## [Task directions]
For the entries that follow, restate word for word the line containing "毛穴治療〈イソトレチノイン内服〉", the line containing "2 -sobni apartman", and every line that lies between them.

## [Entries provided]
.....
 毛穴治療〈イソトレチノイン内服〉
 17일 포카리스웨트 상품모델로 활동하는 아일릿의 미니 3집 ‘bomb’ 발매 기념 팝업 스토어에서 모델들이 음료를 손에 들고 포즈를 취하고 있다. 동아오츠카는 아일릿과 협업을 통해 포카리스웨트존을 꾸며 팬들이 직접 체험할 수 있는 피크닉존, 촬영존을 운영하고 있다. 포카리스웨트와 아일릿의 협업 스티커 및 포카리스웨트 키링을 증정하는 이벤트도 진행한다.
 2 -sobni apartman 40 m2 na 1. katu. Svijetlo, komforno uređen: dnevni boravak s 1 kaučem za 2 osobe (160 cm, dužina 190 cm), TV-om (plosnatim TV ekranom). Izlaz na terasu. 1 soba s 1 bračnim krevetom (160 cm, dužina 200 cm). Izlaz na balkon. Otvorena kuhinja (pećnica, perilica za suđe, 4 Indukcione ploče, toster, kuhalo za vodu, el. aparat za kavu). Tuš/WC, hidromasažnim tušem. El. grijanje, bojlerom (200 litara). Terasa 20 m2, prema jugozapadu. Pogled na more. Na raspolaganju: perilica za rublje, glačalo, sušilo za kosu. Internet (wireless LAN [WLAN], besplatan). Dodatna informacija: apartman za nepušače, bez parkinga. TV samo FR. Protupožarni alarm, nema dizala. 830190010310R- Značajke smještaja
.....
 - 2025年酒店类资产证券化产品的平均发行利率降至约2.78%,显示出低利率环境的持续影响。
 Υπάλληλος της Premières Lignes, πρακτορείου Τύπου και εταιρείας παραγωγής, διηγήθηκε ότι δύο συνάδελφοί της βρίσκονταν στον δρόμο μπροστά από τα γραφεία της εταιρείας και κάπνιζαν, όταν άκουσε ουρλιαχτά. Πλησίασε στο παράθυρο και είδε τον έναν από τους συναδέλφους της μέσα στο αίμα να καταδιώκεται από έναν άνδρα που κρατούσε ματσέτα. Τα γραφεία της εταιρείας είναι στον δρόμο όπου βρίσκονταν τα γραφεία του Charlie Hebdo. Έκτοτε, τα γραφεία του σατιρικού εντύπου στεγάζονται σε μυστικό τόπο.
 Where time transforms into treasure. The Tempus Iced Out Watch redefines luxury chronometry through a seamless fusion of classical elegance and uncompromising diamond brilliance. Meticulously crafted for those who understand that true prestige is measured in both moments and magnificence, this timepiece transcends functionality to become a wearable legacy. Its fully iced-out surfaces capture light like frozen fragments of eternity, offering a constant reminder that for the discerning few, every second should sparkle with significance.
.....
## [Task output]
 毛穴治療〈イソトレチノイン内服〉
 17일 포카리스웨트 상품모델로 활동하는 아일릿의 미니 3집 ‘bomb’ 발매 기념 팝업 스토어에서 모델들이 음료를 손에 들고 포즈를 취하고 있다. 동아오츠카는 아일릿과 협업을 통해 포카리스웨트존을 꾸며 팬들이 직접 체험할 수 있는 피크닉존, 촬영존을 운영하고 있다. 포카리스웨트와 아일릿의 협업 스티커 및 포카리스웨트 키링을 증정하는 이벤트도 진행한다.
 2 -sobni apartman 40 m2 na 1. katu. Svijetlo, komforno uređen: dnevni boravak s 1 kaučem za 2 osobe (160 cm, dužina 190 cm), TV-om (plosnatim TV ekranom). Izlaz na terasu. 1 soba s 1 bračnim krevetom (160 cm, dužina 200 cm). Izlaz na balkon. Otvorena kuhinja (pećnica, perilica za suđe, 4 Indukcione ploče, toster, kuhalo za vodu, el. aparat za kavu). Tuš/WC, hidromasažnim tušem. El. grijanje, bojlerom (200 litara). Terasa 20 m2, prema jugozapadu. Pogled na more. Na raspolaganju: perilica za rublje, glačalo, sušilo za kosu. Internet (wireless LAN [WLAN], besplatan). Dodatna informacija: apartman za nepušače, bez parkinga. TV samo FR. Protupožarni alarm, nema dizala. 830190010310R- Značajke smještaja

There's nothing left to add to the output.